◆ Your objective ◆
Set the images aside and retype the whole listing exactly.

◆ Provided data ◆
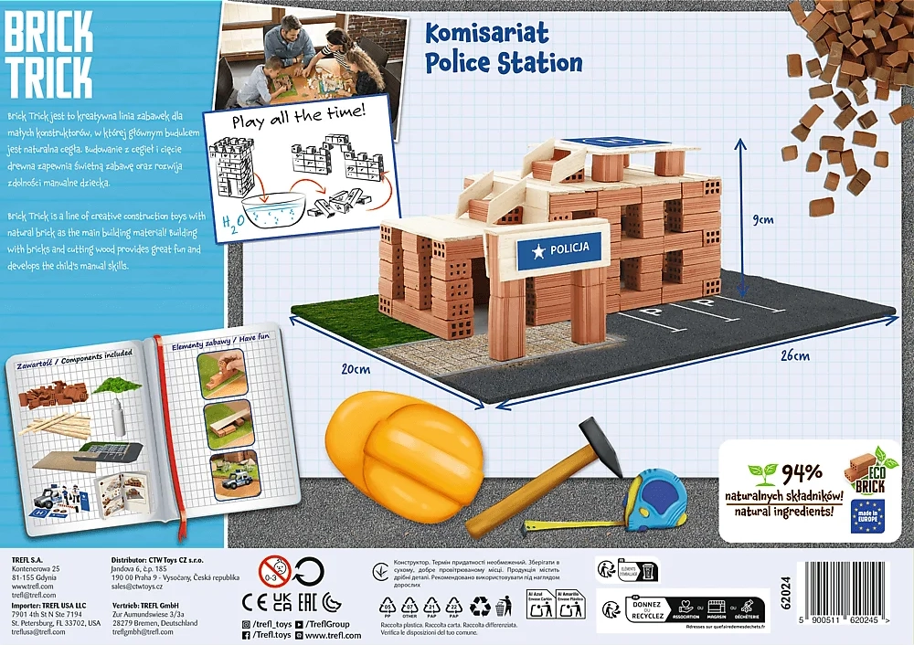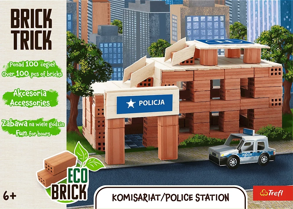 Ανακαλύψτε το δημιουργικό σετ κατασκευής Trefl Brick Trick Αστυνομικός Σταθμός με 100 αληθινά πήλινα τούβλα και διακοσμήσεις. Παιδιά και ενήλικες θα απολαύσουν ρεαλιστική κατασκευή βήμα προς βήμα – από τη βάση, στα ξύλινα καδρόνια, έως τον τελικό στολισμό. Το σετ αναπτύσσει δεξιοτεχνία, φαντασία και συγκέντρωση και μπορεί να χρησιμοποιηθεί ξανά και ξανά χάρη στην κόλλα που διαλύεται στο νερό.
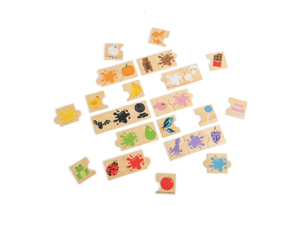 Tato zábavná vzdělávací hra na sladění barev obsahuje 30 dřevěných dílků v 10 barvách, které je třeba sladit do trojic podle barev. Například medvěda hnědého lze sladit s čokoládovou tyčinkou a hnědou kaňkou. Hra napomáhá koordinaci ruka-oko, rozvíjí logické myšlení, znalosti a slovní zásobu dětí a také schopnosti rozpoznávat barvy. Vyrobeno z vysoce kvalitních materiálů z odpovědných zdrojů. Splňuje všechny evropské bezpečnostní normy. Hlavní vlastnosti: zábavná vzdělávací hra30 dřevěných robustních dílků puzzlí10 barevrozvíjí znalosti a dovednostivhodné pro děti od 2 letDoplňkové parametry
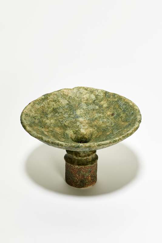 Schamottiertes Steinzeug, bräunlicher Scherben, gebaut. Glasur: Kaolin, Malachit, Apfelbaumasche; zwei Mal oxidierend gebrannt im Elektroofen bei 1280 °C

◆ Response to this exercise ◆
 Ανακαλύψτε το δημιουργικό σετ κατασκευής Trefl Brick Trick Αστυνομικός Σταθμός με 100 αληθινά πήλινα τούβλα και διακοσμήσεις. Παιδιά και ενήλικες θα απολαύσουν ρεαλιστική κατασκευή βήμα προς βήμα – από τη βάση, στα ξύλινα καδρόνια, έως τον τελικό στολισμό. Το σετ αναπτύσσει δεξιοτεχνία, φαντασία και συγκέντρωση και μπορεί να χρησιμοποιηθεί ξανά και ξανά χάρη στην κόλλα που διαλύεται στο νερό.
 Tato zábavná vzdělávací hra na sladění barev obsahuje 30 dřevěných dílků v 10 barvách, které je třeba sladit do trojic podle barev. Například medvěda hnědého lze sladit s čokoládovou tyčinkou a hnědou kaňkou. Hra napomáhá koordinaci ruka-oko, rozvíjí logické myšlení, znalosti a slovní zásobu dětí a také schopnosti rozpoznávat barvy. Vyrobeno z vysoce kvalitních materiálů z odpovědných zdrojů. Splňuje všechny evropské bezpečnostní normy. Hlavní vlastnosti: zábavná vzdělávací hra30 dřevěných robustních dílků puzzlí10 barevrozvíjí znalosti a dovednostivhodné pro děti od 2 letDoplňkové parametry
 Schamottiertes Steinzeug, bräunlicher Scherben, gebaut. Glasur: Kaolin, Malachit, Apfelbaumasche; zwei Mal oxidierend gebrannt im Elektroofen bei 1280 °C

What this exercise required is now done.